5 May 2011

ROAD

One day later, our medical school organized a dinner to celebrate the establishment of an honor society. Alumni with distinctions at professional examinations were invited. It was a wonderful evening where we met old friends and graduates from different years.

During the meeting, we could not help noticing a clear trend. While the popular specialties of the older generation were general surgery and medicine, graduates turned to the “ROAD of success” at the turn of the century. ROAD stands for four attractive specialties: Radiology, Ophthalmology, Anesthesia and Dermatology.

The advantage of getting on ROAD is obvious. The on-call duties are less demanding, most fellows get promoted soon after they have completed training, and the private market is blooming. When I asked friends practicing in those specialties, most claimed quality of life was the major reason behind their choice.

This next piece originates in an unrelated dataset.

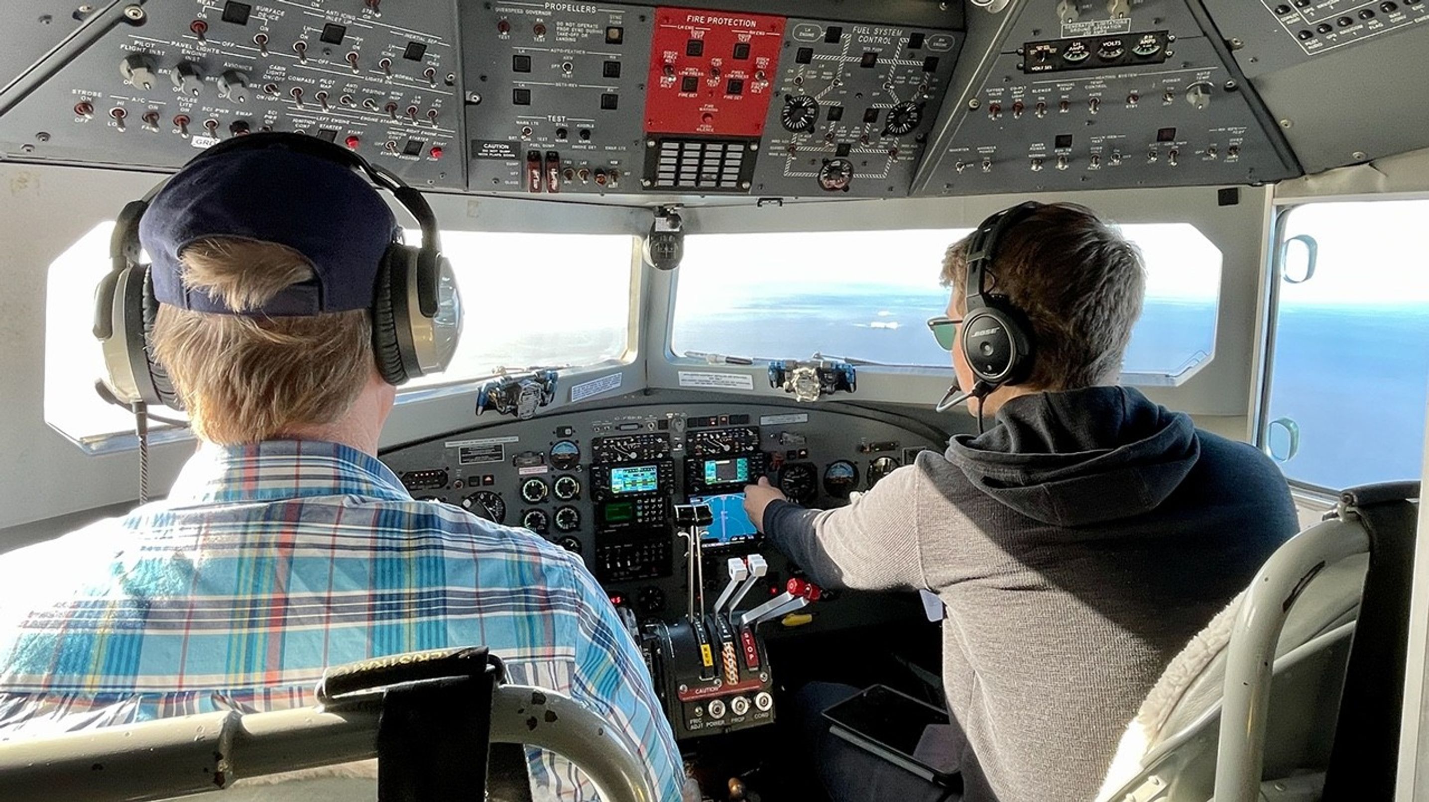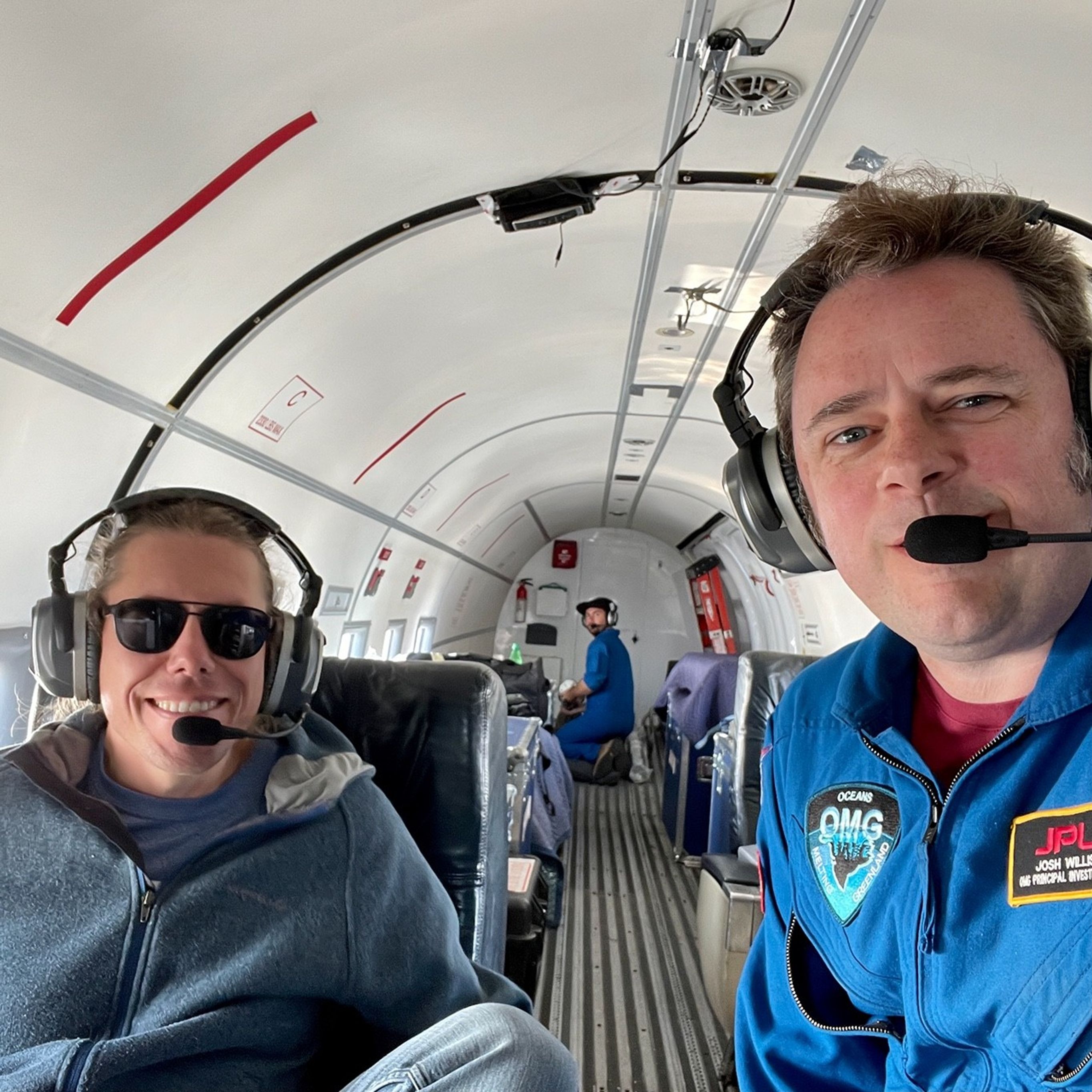 In October 2017, mission scientists and crew dropped 240 ocean probes from a C-130 aircraft into the waters around Greenland to measure ocean temperature. Footage includes interior and exterior shots of the aircraft with crew and scientists at work, and shots from a chase plane showing the probes dropping.

This I can understand. What intrigues me, however, is why the preference changed. Top graduates in the past were also free to choose the easier path, but they didn’t. Is it just a generation thing, as most people in the older generation love to say, or are there deeper reasons?

While the generation change is obvious, I am reluctant to take this as the sole explanation. If you ask 100 medical school applicants at the entrance interview, 100 of them will tell you they do not mind hard work and are not doing medicine for money, and I believe them. If they state otherwise, I would not hesitate to reject their application. No, this is not about moral judgment. This is about intelligence. If you want a big pay check and leisurely work, medicine is a dumb choice. So, if these enthusiastic youngsters suddenly consider the thing they despised important by the time they graduate, our education has been killing their dream.

To satisfy my curiosity, I reversed the question and asked senior clinicians why they chose general surgery and medicine. This time, the most common response was the satisfaction of managing a broad range of medical conditions.

This would make sense. ROAD was less well developed 2 to 3 decades ago and provided less job satisfaction then. Over the years, these newer specialties have advanced a lot. On the other hand, you like it or not, practitioners in general surgery and medicine are also focusing on a much narrower field nowadays. If the job satisfaction and breadth of practice do not differ much, it is not surprising that other factors come into play in career decisions.